Welcome Daniel O'Boyle Kelly with this guest post. Daniel is an IDC Consulting Director who supports my SBS group.
Its with a fair amount of regularity these days that I come across some vendor slideware extolling the virtues of their "partner profitability" initiatives. This, in many ways, is a good thing. Yet with few exceptions, when peeling back the layers, improving profitability relates in large part to giving 'a few extra points' to push a vendor's technology or platform. While improving margins may indeed lead to better profitability, vendors need to better meet today's business challenges for the channel and without question, challenge number one is maintaining positive cash flow.
In a recent custom survey IDC conducted for a large software vendor, we asked no fewer than 400 of their partners about a number of business performance metrics. The positive takeaway is that at least 75% of them were experiencing positive cash-flow coming into their businesses. Of course, the flipside is that a quarter were on the bubble or in fact in negative cash-flow - an ominous position to be in during these times. What is even more stark is that when breaking down the numbers by partner size, almost a third of those channel partners with less than 10 employees were break even or negative cash-flow. In the past, when the focus was on revenue growth, rapid sales cycles could possibly carry some partners through any 'profit valleys'. But with both the number of deals and length of sales cycles being extended, partners need to shift focus to cash-flow as KPI number one to manage the business. And a few concerted actions now could keep a partner's head above water:
- Seek out vendor financing and special incentives to power specific technology buying and thus shorten sales cycles. If incentives are not obvious, partners might want to hound their vendors for options claiming that other providers are stepping up. SAP and Microsoft are currently offering 0% financing on certain business applications. Cisco recently announced the "Now's The Time" offering that lets partners offer their customers no payments and no interest for three months on all Cisco hardware, software and bundled services for deals of $30 million or less.
- Identify general channel financing options beyond traditional vendors as a way to convert bookings to cash. For instance, Tech Data has an arrangement with NexCap to provide much valued capital through Reseller financing. By structuring a deal through this arrangement, resellers can improve cash flow as accounts receivables are converted to cash in 5-7 days. There are other arrangements out there too. Now is the time for partners to at least understand their options.

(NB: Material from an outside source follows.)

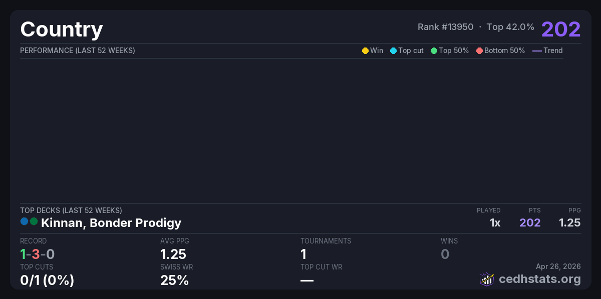 | Turf Wars: 1 - cEDH Apr 25, 2026 | Kinnan, Bonder Prodigy | 11/27 | 1-3-0 | 202 |

- Most importantly, partners should get disciplined on all their billing and collection practices. In a recent IDC survey, we found top channel performers had average days sales outstanding of 45 days versus typical average 64 days collecting valuable cash faster and able to fund growth or debt repayment. Even if partners need to work with customers and be creative to match their budgetary constraints, it will pay to hammer out predictable schedules. Proper terms and milestone scheduling is key and forecasting accuracy should be incented similarly to other MBOs.